### DATASET SECTION
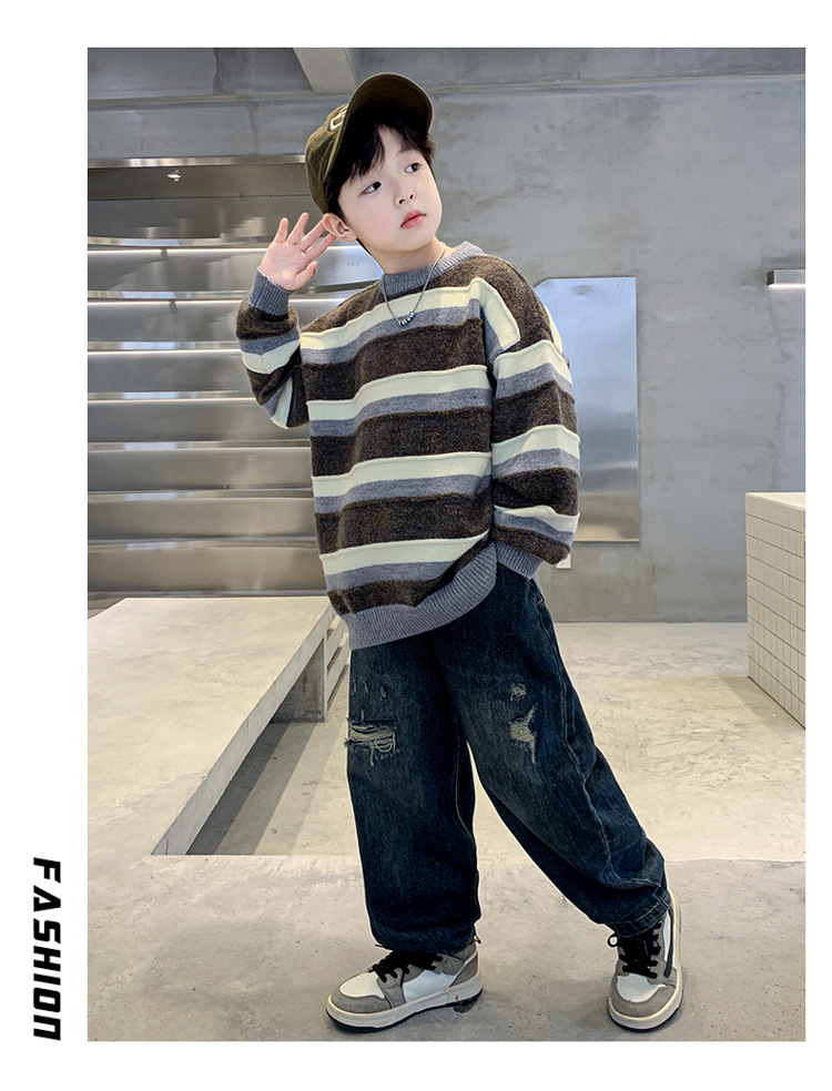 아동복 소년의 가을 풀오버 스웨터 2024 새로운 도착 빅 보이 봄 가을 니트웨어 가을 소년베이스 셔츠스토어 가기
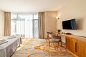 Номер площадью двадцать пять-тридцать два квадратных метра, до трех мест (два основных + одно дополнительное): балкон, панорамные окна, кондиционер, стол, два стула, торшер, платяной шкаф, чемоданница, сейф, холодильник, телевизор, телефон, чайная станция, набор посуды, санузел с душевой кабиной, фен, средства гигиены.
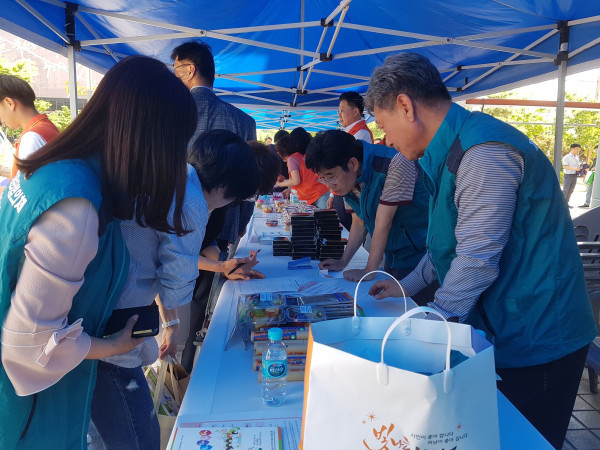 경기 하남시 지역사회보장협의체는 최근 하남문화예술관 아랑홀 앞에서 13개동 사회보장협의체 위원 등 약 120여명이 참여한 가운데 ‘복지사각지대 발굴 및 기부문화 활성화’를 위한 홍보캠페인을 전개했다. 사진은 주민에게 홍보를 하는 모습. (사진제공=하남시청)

### PROBLEM
Print the full listing above exactly. Pictures stay out of the copy.

### EXERCISE OUTPUT
 아동복 소년의 가을 풀오버 스웨터 2024 새로운 도착 빅 보이 봄 가을 니트웨어 가을 소년베이스 셔츠스토어 가기
 Номер площадью двадцать пять-тридцать два квадратных метра, до трех мест (два основных + одно дополнительное): балкон, панорамные окна, кондиционер, стол, два стула, торшер, платяной шкаф, чемоданница, сейф, холодильник, телевизор, телефон, чайная станция, набор посуды, санузел с душевой кабиной, фен, средства гигиены.
 경기 하남시 지역사회보장협의체는 최근 하남문화예술관 아랑홀 앞에서 13개동 사회보장협의체 위원 등 약 120여명이 참여한 가운데 ‘복지사각지대 발굴 및 기부문화 활성화’를 위한 홍보캠페인을 전개했다. 사진은 주민에게 홍보를 하는 모습. (사진제공=하남시청)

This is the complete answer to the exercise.